Tim McCoy – The London Company
- Written by: Taryn Plumb
- Produced by: Bill Keaton
- Estimated reading time: 3 mins
Don’t ask the folks at The London Company to predict the future—even a little bit. That’s just not what they do.
Instead, their approach is deliberate, measured and simple. Rather than jumping at the shiniest new objects—say, the trendiest and latest IPOs—and essentially betting on uncertainty, their focus is on purchasing companies with sustainable competitive advantages and balance sheet flexibility that provide downside protection.
There aren’t as many spikes, for sure—but that also means the dramatic plunges largely go away, too, and the (ideal) result is growth along a gradual, steady, manageable path.
“We’re not trying to predict the direction of the economy,” says Tim McCoy, principal and head of business development. “We focus on what exists today, while attempting to limit any speculation about future growth.”
A possible future
Established in 1994, The London Company was ahead of its time when it implemented this concept, and ultimately it’s experienced wild success with it. In the past seven years, the boutique wealth management firm saw its assets under advisement increase from $3.5 to $25 billion.
Explains principal and portfolio manager, Mark DeVaul, this holistic approach involves looking at a company’s overall health, valuation and governance structure; the consistency and flexibility of its balance sheet; its capital allocation, return on capital, brand and distribution strength; and the state of the industry it’s in.
The goal is to forge lasting relationships, he notes, and create diversified, but fairly concentrated, portfolios while reducing volatility.
“If we like a business, we may own shares of the company for many years, taking away the emotional roller coaster of trading in and out,” DeVaul says. “We want to help clients build wealth, and also preserve wealth, over time.”
This model has particularly proven itself following the disastrous dot-com bubble burst of the early 2000s, as well as during and after the Great Recession of 2008.
The challenging times, on the other hand, have come during the intertwining economic booms—such as now, when the market is up, and has been up for an unprecedented amount of time. When things have been as calm as they have been, investors can become impatient with more deliberate investment strategies, and “seduced” by “fast-paced, big-time upside markets,” McCoy notes (he calls this phenomenon “conservative manager fatigue”). The London Company’s goal is to try to match the market by about 90 percent to stem such anxieties.
A collective unit
Today, the Richmond-based company, which is largely employee-owned, continues to broaden its portfolio under ten principals and seven portfolio managers, including founder and longtime investment advisor Stephen Goddard as well as Mark DeVaul, Jonathan Moody, J. Brian Campbell, Jeffrey Markunas, Charles Arrington, and Sam Hutchings. It has also added three analysts to its team (with an intent grow that side of the business even more).
Goddard has always erred on the conservative side, McCoy explains, and formed the company as the economy was swinging back from the economic recession of the 1990s. He chose the name to underscore the firm’s long-term dedication to its clients: It is based on the eponymous English joint stock company that was established in 1606 by King James I as Europe was embarking on colonial settlement.

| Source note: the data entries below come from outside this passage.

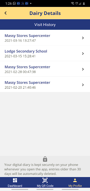 Point of entry app allowing businesses to digitally log visits using QR Codes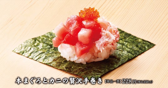 本まぐろとカニの組み合わせを堪能できる豪華な手巻きです
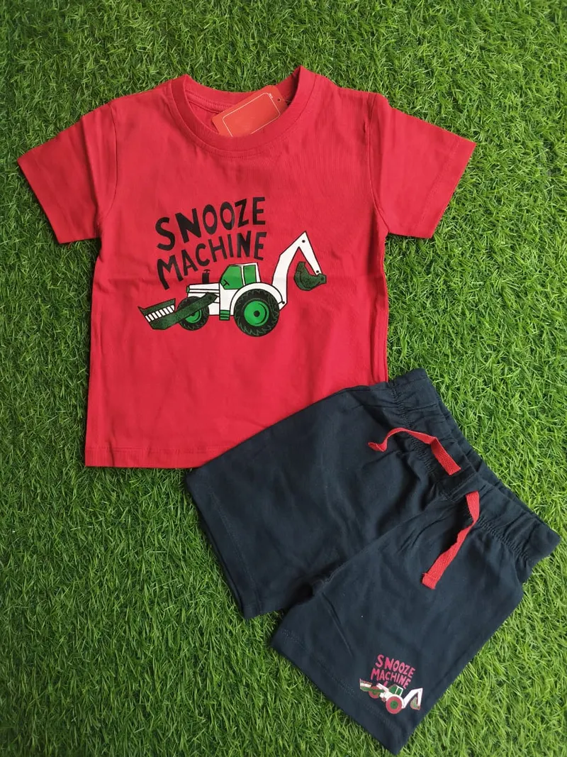 Perfect for ages 3 to 24 months, it features a fun graphic tee and stretchy shorts — ideal for everyday play and cuddles.

As it has grown and evolved over the past 24 years, partnerships have been essential in every aspect of the business. The company has built itself “deliberately” over time, focusing on adding employees—“members”— who fit the culture and who are invested, so to speak, in its investment strategy. They like to have a familiarity with prospects either directly or through networking, McCoy says.
Team members also emphasize that intensive relationship with clients, who cross the spectrum from high-net worth individuals to institutional and sub-clients. “We are fortunate in that we have embraced all different types of investors,” McCoy says.
And even though its team has a “lot of tread left on the tires,” as he puts it, the firm is nevertheless planning far in advance for the inevitable generational changeover among principals and staff. They hope that will be an “almost boring” transition over the next 10 to 20 years.
All told, he notes, “We very much are a team, a collective unit. All of us play our roles very successfully and very professionally. We have to be hitting on all cylinders—which we have been for the last six to eight years and plan to do so into the future.”